Снова, как в прежние дни, слетались десятки поклонниц,
с тем чтобы в жизнь воплотить любую из смелых фантазий,
основным продуцентом каких продолжал оставаться
Гринвальд во веки веков; что у него не отнять.
Вновь он высОты души познал и глубины анала,
гибкую тонкость кишки в борьбе с широтою натуры,
остроту харакири при экстренном запуске солнца,
правило левой руки – стуком в небесную дверь.
Музу пришлось заменить; затем не в её интересах
искреннейших возводить заслон между жертвенным дымом
и спасительным небом, как прежде кишащим Богами,
ибо их пища - сей дым, прочих превыше наград.
Малоприятно, но факт: подмены никто не заметил;
впрочем, ОНО, может быть, не столь уж и принципиально:
бюст и попа на месте, во всем остальном анонимность
если уж соблюдена – значит, сие на века.
Надо сказать, что тогда одной из счастливых задумок,
реализованных столь могуче в пределах музея
Достоевского, был многоярусный творческий вечер
автора: им покорил Гринвальд мильёны сердец.
Суть ситуации в том, что место имела попытка
грубой обструкции, с чем маэстро разделался с блеском,
разгромив в пух и прах философствующих оппонентов,
пусть даже в поте лица (запах сие подтверждал).

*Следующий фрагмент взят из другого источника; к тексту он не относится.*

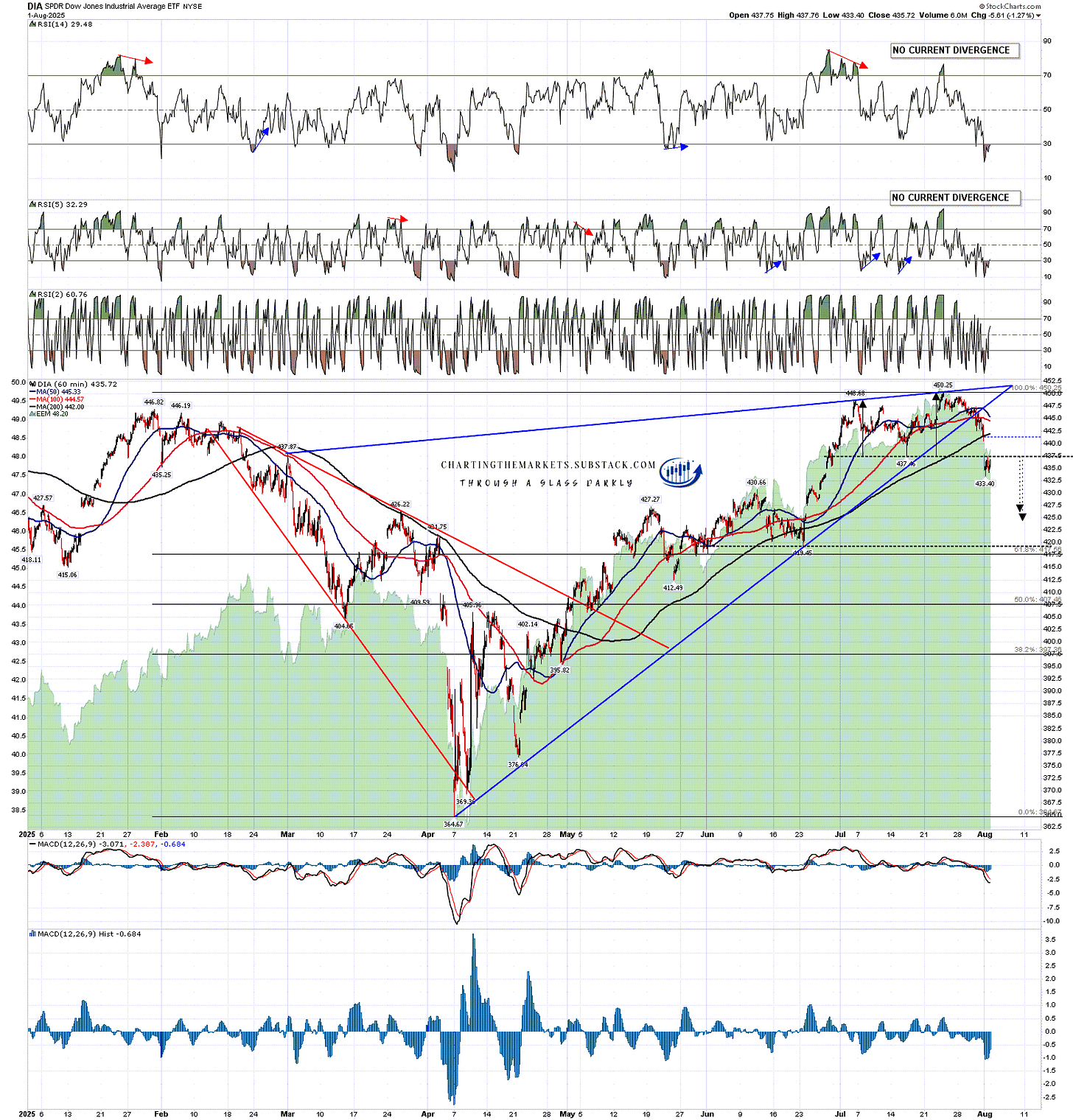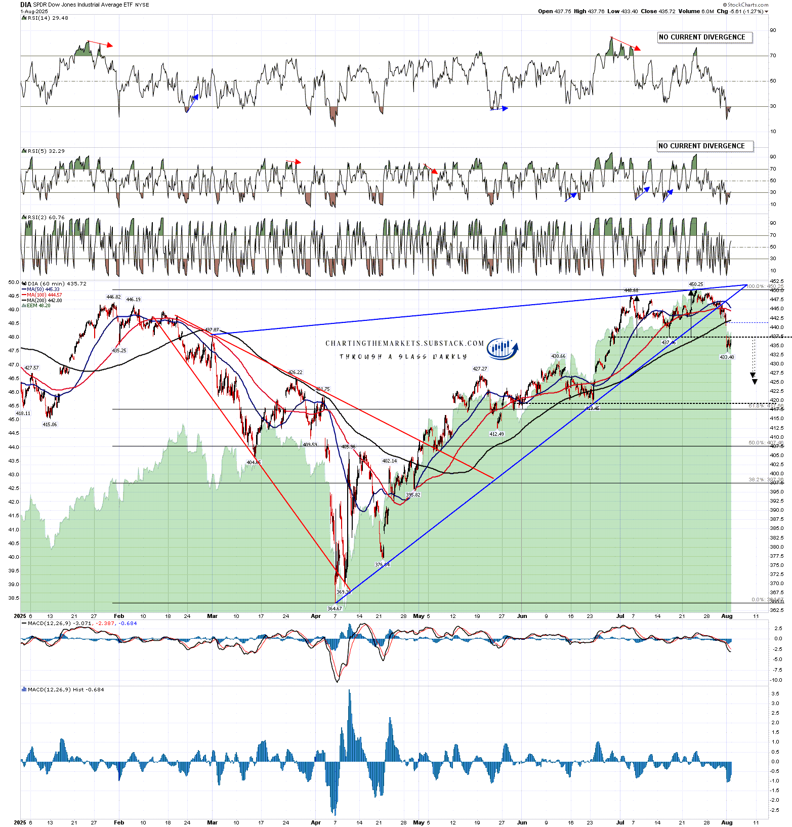 On Friday DIA broke down towards a target in the 424.5 to 426 area. There are obvious target levels a bit lower with larger possible H&S necklines in the 419.45 and 412.49 areas.

Весь матерьял был отснят на плёнку, что где-то в архивах
скучно пылится, как тот сомнительный символ триумфа
человека над Временем. Впрочем, божественный Гринвальд
вечен - хотя бы уж тем, что адекватен Богам.
Всё бы своим чередом и шло, но вмешались спецслужбы, -
так уж у нас повелось, - и впал в экзальтацию Гринвальд,
относясь непечатно к своей же божественной сути:
в тягость бессмертье, когда - светит пожизненный срок.

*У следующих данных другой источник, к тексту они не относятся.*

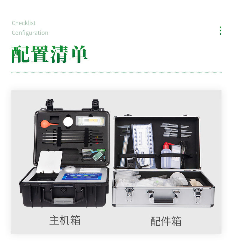 配套齊全:該儀器集藥、器、儀為一體,攜帶方便,相當于一個小型移動實驗室,無需用戶自配附件,亦可靈活野外流動測試。適于農(nóng)業(yè)服務部門或農(nóng)資經(jīng)銷商、高教院校、科研院所、合作社、肥料廠商、大種植戶測土施肥和鑒別肥料真假及環(huán)保檢測應用。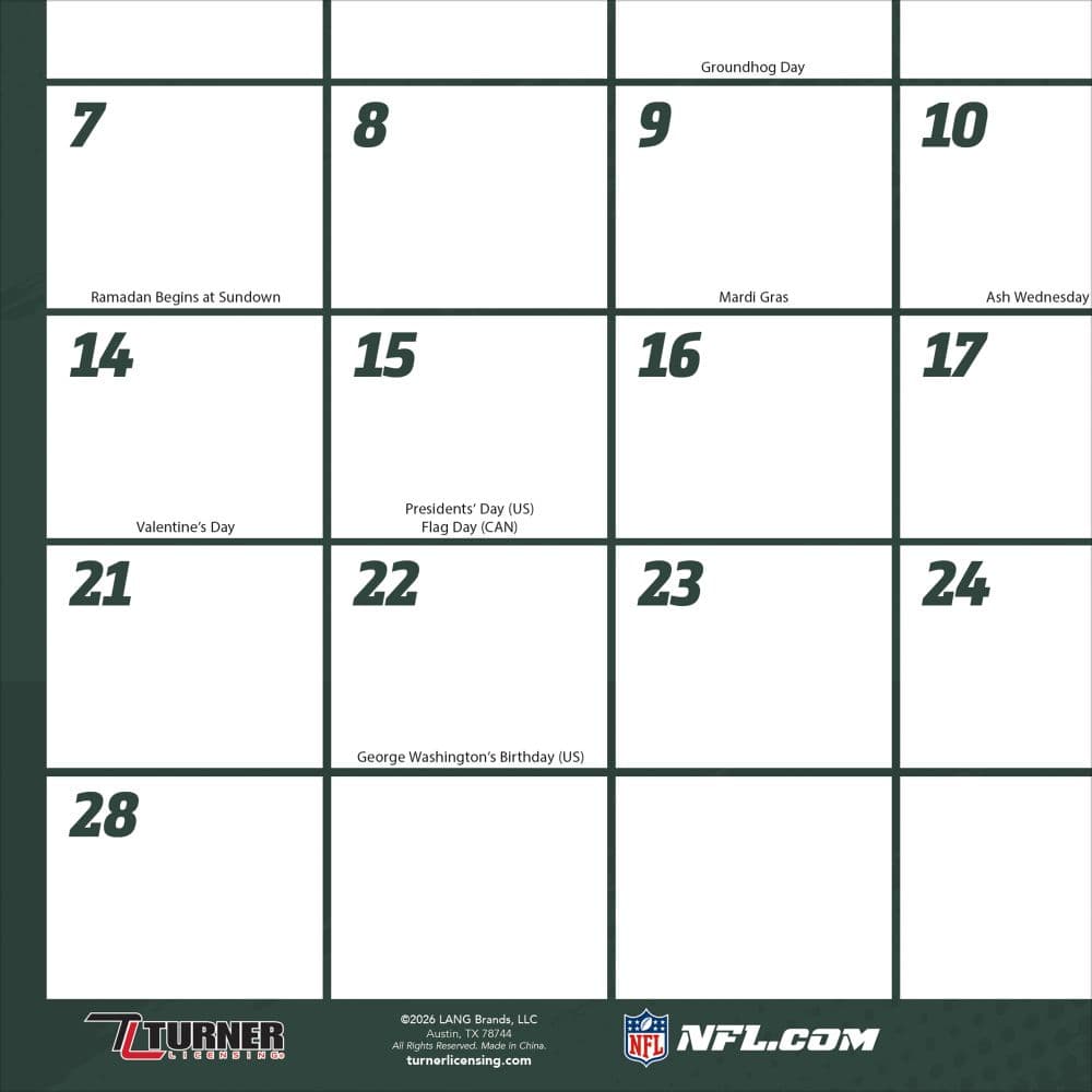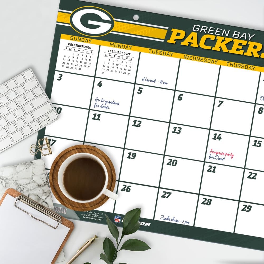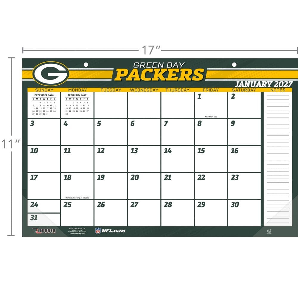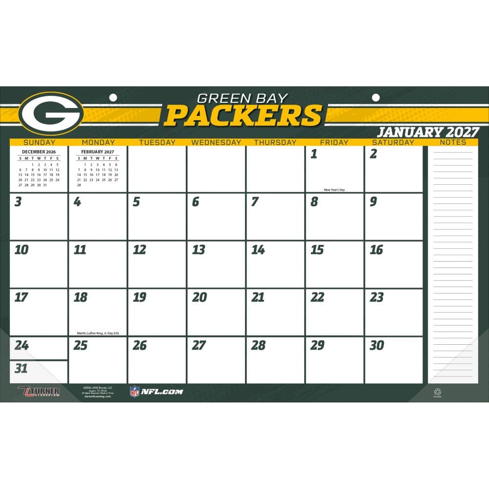 The Green Bay Packers are the NFL's only publicly owned franchise and hold thirteen league championships including four Super Bowl titles, with the Lambeau Field home environment and the specific Wisconsin cold-weather football culture producing a fan experience unlike any other in American professional sports. The NFL Green Bay Packers 2027 Desk Pad from Turner Licensing carries the team's green-and-gold identity across twelve tear-off monthly pages in the oversized desk pad format, with room for appointments and game-day notes alongside each month's grid. Each tear-off page carries Packers imagery across the month, from Lambeau Field game-day atmosphere to the broader franchise history through the year across the full NFL calendar.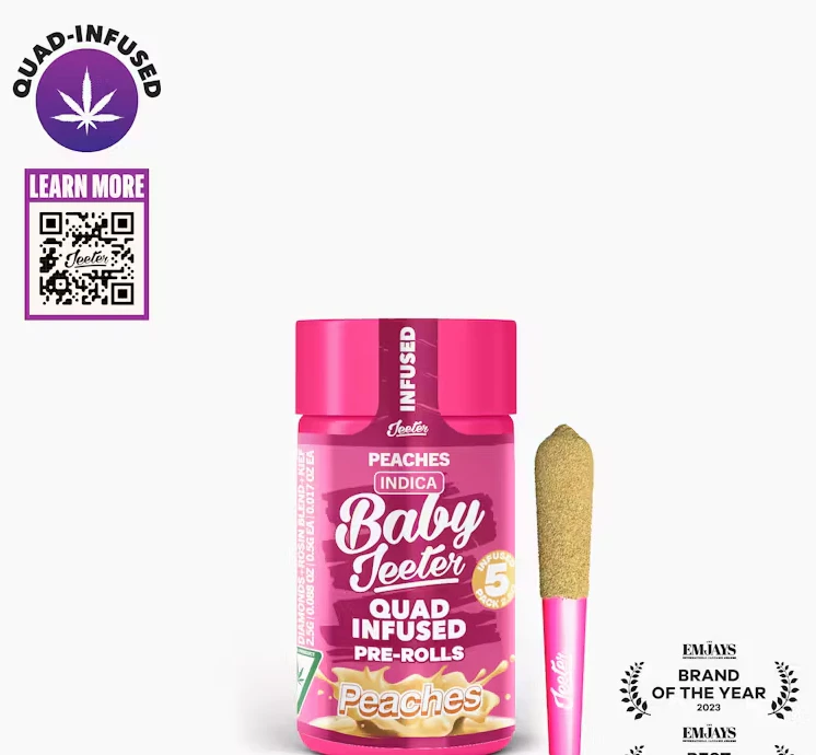 Peaches | Baby Jeeter | Indica 5 x 0.5G Joints 2.5G Total Quad-Infused | Premium Flower Infused with Liquid Diamonds, Rosin Blend & Kief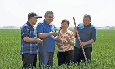 蘇丹(中)在指導(dǎo)村民進(jìn)行小麥揚(yáng)花期田間管理。本報(bào)記者 原韜雄攝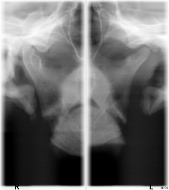Comme elle déménage ce week-end, je n'aurai plus le plaisir de tenter de nouvelles solutions. Mais je reste un peu chiffon avec cette histoire d'ATM... Je note bien une certaine asymétrie sur le cliché radio, mais j'avoue que j'ai encore pas mal de lacunes à combler en occluso, et particulièrement en lecture de radio d'ATM.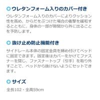 ウレタンフォーム入りのカバーによりクッション性を高め、からだをぶつけた場合の衝撃を緩和するとともに、身体の一部が隙間から外に出ることを予防します。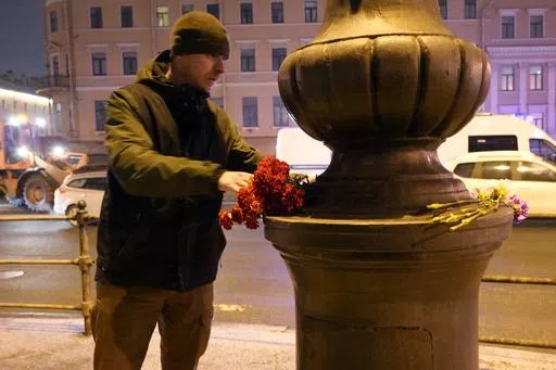 Russian officials said Vladlen Tatarsky was killed as he was leading a discussion at the cafe on the bank of the Neva River in the historic heart of St. Petersburg. Some 30 people were wounded in the blast, Russia's Health Ministry reported.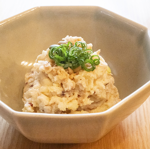 日本酒との相性を追求した『酒呑みのポテトサラダ』には酒盗や白味噌が使われています。しっかりとした食べ応えと、濃い旨みが特徴のポテトサラダに黒胡椒が絶妙なアクセントを加えます♪

Опыт – тот самый, что сын ошибок и скорых решений, -
к месту уж существовал: наш давний приятель Жижикин
до трёх лет любоваться Полярным Сияньем был сослан
как бы за кражу, хоть сам – всё на суде отрицал.
Тут, как назло, кифаред надрывно воспел, что бывали
случаи в нашей тюрьме - из ряда ущербных методик -
с подселением жертвы в места, где всегда, не прельщаясь
женской призывностью форм, предпочитали мужчин.
Крайняя степень мужской, лбом в стену упершейся дружбы;
грубый, кощунственный шарж на акт продолжения рода;
возведённая в куб каземата мужская забава; -
творческий противовес чистой и вечной любви!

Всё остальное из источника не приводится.